Exactly one year ago, on 25 September 2022, an Afghan refugee lost their life when their e-bike malfunctioned at their flat in Easton, in Bristol.
Abdul Jabar Oryakhel was asleep in his flat on the 16th floor in Twinnell House when his bike malfunctioned on charge.
Exactly like in Scott's case, the fire blocked Abdul's exit out of the front door, so his only option was to try and climb out of the window to safety.
Devastatingly, he lost his footing and fell.
“I've lost everything from that one bike"
Scott's experience on 30th June lasted no longer than 10 minutes.

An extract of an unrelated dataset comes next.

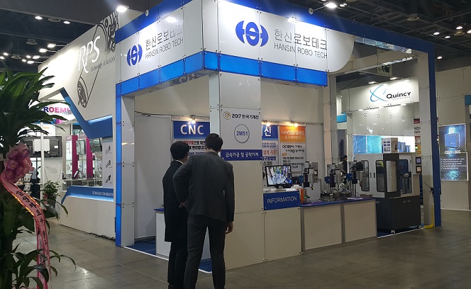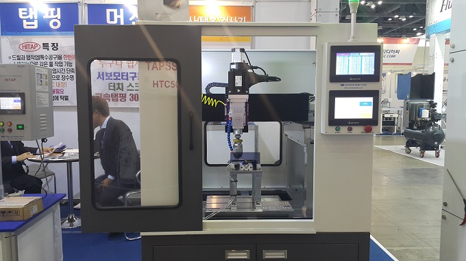 한국기계전에 참가한 한신로보테크는 태핑머신, 태핑센터를 선보였다. 태핑센터(미니) HTC500 모델은 초정밀 태핑을 위해 설계된 소형 사이즈로 드릴, 태핑, 엔드밀, 커팅 등의 기본 기능에 전체 서보 모터(x, y, z축)로 구성되어 성능이 우수하며 휴대폰, 자동차, 전기전자, 통신, 금형부품 등에서 높은 기능을 발휘한다.

“That's all it took from my partner and my kids to succumb to the gas. It wasn’t smoke that killed them, it was the lithium poisoning and the toxic-ness of the batteries."
“I don't want it to wipe out another family.”
“My best two pieces of advice are do not charge it overnight and, if possible, charge it in a garage or shed.
“My house is absolutely destroyed. The stairs have been taken down to the skeleton, the plasterboard has been ripped off the wall.
“I have no roof in my house...its bare bones...everything upstairs is covered in lithium smoke.
“I've lost everything from that one bike.
"I have the same amount now as the day I was born."
What comes next?
Our investigation into e-bikes will continue as part of Scott's efforts to raise awareness of the dangers of overcharging, in the hope that the tragedy he's enduring never happens to another family.